◆ Exercise brief: Print the listing below again, exactly. Skip the pictures.

◆ Data segment:
********

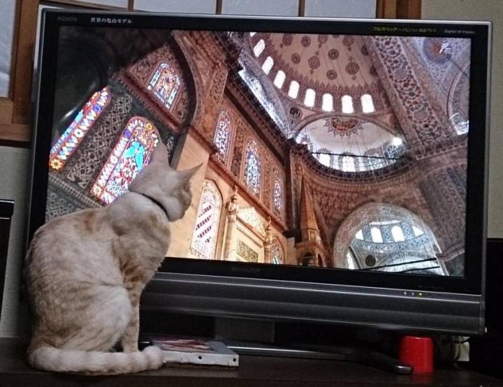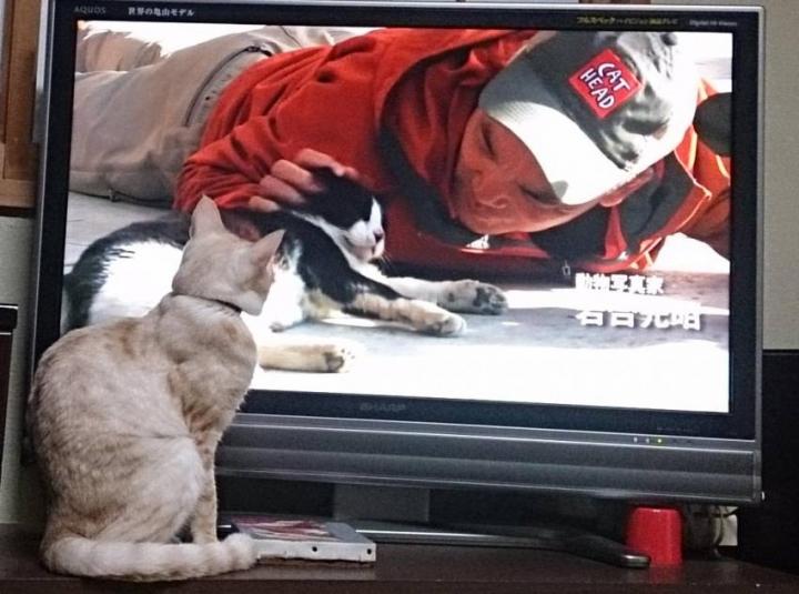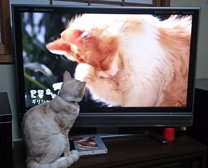 テレビの中の未知の世界を眺めるミイちゃんです♪♪
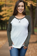 Keep your style on time with our Look At The Time Thumbhole Raglan! The raglan long sleeves and round neck offer a comfortable fit, while the reverse stitch detail and mini waffle knit add unique style. Complete with a dolphin hem, this top is a must-have for any fashion-forward individual.
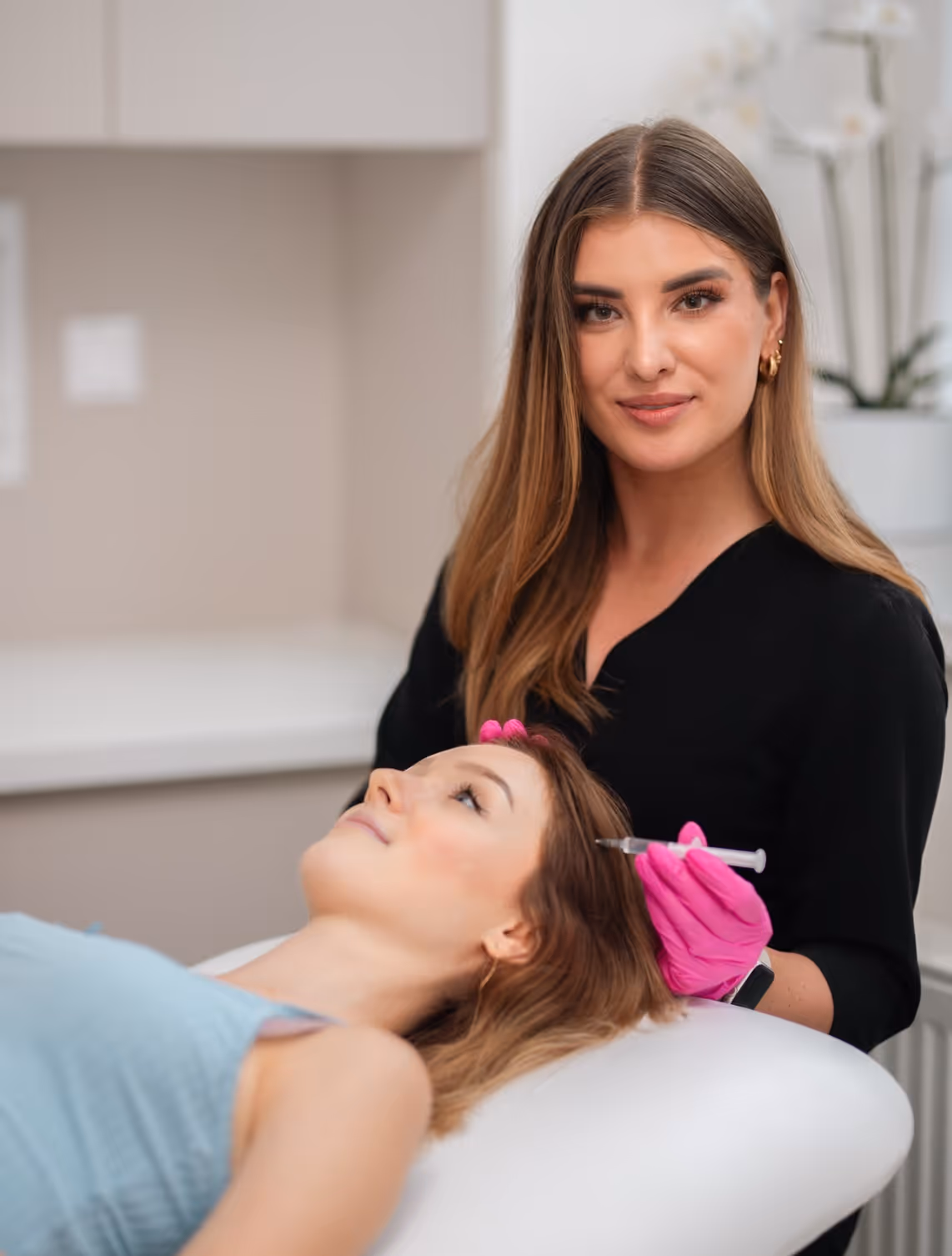 Samotné ošetření trvá přibližně 30 minut. Lékař aplikuje malé množství účinných látek přímo do pokožky hlavy pomocí tenké jehličky. Díky lokálnímu působení je efekt rychlý a cílený. Po zákroku není potřeba žádná rekonvalescence — můžete se vrátit k běžným činnostem.

********

◆ Expected output:
 テレビの中の未知の世界を眺めるミイちゃんです♪♪
 Keep your style on time with our Look At The Time Thumbhole Raglan! The raglan long sleeves and round neck offer a comfortable fit, while the reverse stitch detail and mini waffle knit add unique style. Complete with a dolphin hem, this top is a must-have for any fashion-forward individual.
 Samotné ošetření trvá přibližně 30 minut. Lékař aplikuje malé množství účinných látek přímo do pokožky hlavy pomocí tenké jehličky. Díky lokálnímu působení je efekt rychlý a cílený. Po zákroku není potřeba žádná rekonvalescence — můžete se vrátit k běžným činnostem.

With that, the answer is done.